Finite Dimensional Integrable Systems 2013

有限维可积系统 2013

• 批准号: 1301538
• 负责人: Serge Tabachnikov
• 金额: $ 1.5万
• 依托单位: Pennsylvania State Univ University Park
• 依托单位国家: 美国
• 项目类别: Standard Grant
• 财政年份: 2013
• 资助国家: 美国
• 起止时间: 2013-04-01 至 2014-03-31
• 项目状态: 已结题
• 来源: https://www.nsf.gov/awardsearch/showAward?AWD_ID=1301538&HistoricalAwards=false
• 关键词: Finite; Dimensional; Integrable; Systems; 2013

The international conference "FDIS 2013: Finite Dimensional Integrable Systems," to be held at the International Center of Mathematical Meetings in Marseille, France, July 15-19, 2013, will focus on recent advances in finite dimensional integrable systems and present new directions of research. Integrable systems with a finite number of degrees of freedom is the most classical part of the theory of integrable systems. Due to the seminal contributions of Kolmogorov, Arnold, Moser, and many others, this subject is experiencing a revival. Recently, new powerful method for working with integrable systems have been developed based on a deep interplay between different branches of mathematics and physics: complex analysis, symplectic geometry, Lie theory, representation theory, theory of cluster algebras, discrete differential geometry, and computer algebra. As a result, new integrable systems have been discovered, new applications of integrable systems in physics and geometry were unveiled, and many questions explicitly asked in the classical period have been answered.Non-linear ordinary and partial differential equations describe a large number of physical phenomena, ranging from mechanics, fluid mechanics, optics, magnetism to general relativity, and also many natural and interesting geometrical problems. One of the most effective methods to handle them is related to the so called integrable systems, which is, roughly speaking, a collection of methods for finding exact solutions of certain systems, or to analyze the behavior of their solutions without knowing them explicitly. The conference will feature about 20 talks by the leading experts and will provide a venue for junior researchers to network, to interact with senior researchers, and to foster new collaborations.

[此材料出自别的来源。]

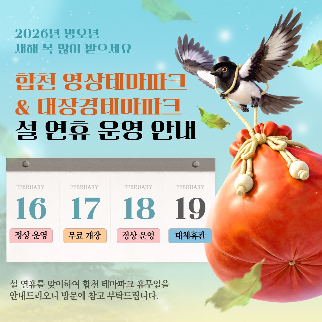 김윤철 군수는 "설 연휴 동안 가족과 함께 소중한 시간을 보내고 다양한 추억을 쌓을 기회로 합천영상테마파크와 대장경테마파크를 추천드리니 많이 찾아주셔서 특별한 하루를 누리시길 바란다"고 전했다.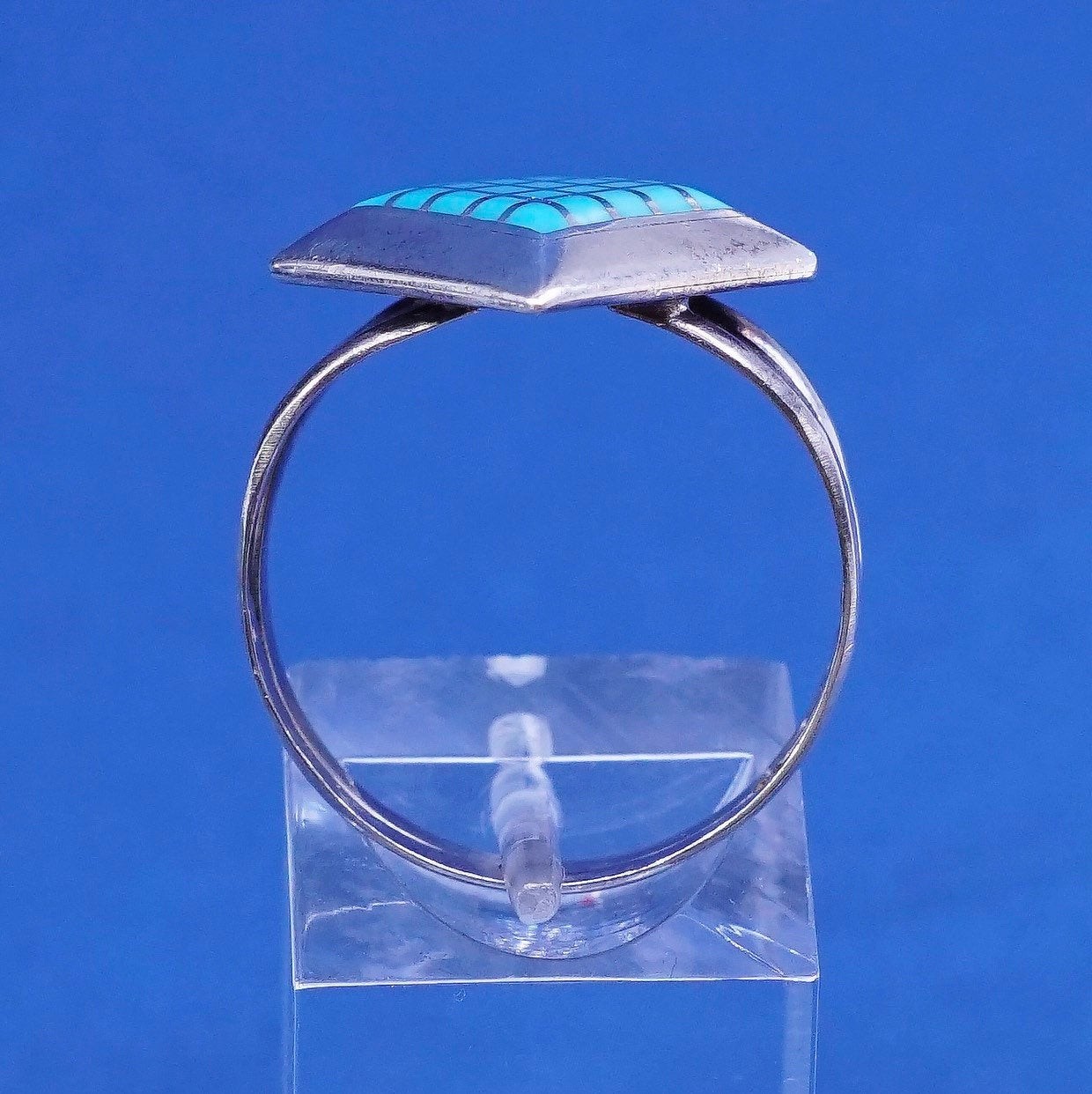 как выглядит sz 10.5, vtg zuni sterling silver handmade ring, 925 w/ turquoise southwestern фото

国际会议“FDIS 2013：有限维可积系统”将于2013年7月15日至19日在法国马赛的国际数学会议中心举行，会议将重点关注有限维可积系统的最新进展，并提出新的研究方向。有限自由度的可积系统是可积系统理论中最经典的部分。由于Kolmogorov，Arnold，Moser和许多其他人的开创性贡献，这个主题正在经历复兴。最近，基于数学和物理学不同分支之间的深刻相互作用，已经开发了新的强大的方法来处理可积系统：复分析，辛几何，李理论，表示论，簇代数理论，离散微分几何和计算机代数。结果，新的可积系统被发现，可积系统在物理学和几何学中的新应用被揭开，经典时期明确提出的许多问题得到了解答。非线性常微分方程和偏微分方程描述了大量物理现象，从力学、流体力学、光学、磁学到广义相对论、以及许多自然的、有趣的几何问题。处理它们的最有效的方法之一是与所谓的可积系统有关，粗略地说，这是一系列方法的集合，用于找到某些系统的精确解，或者在不显式地知道它们的情况下分析它们的解的行为。会议将由领先的专家进行约20场演讲，并将为初级研究人员提供一个网络，与高级研究人员互动并促进新的合作的场所。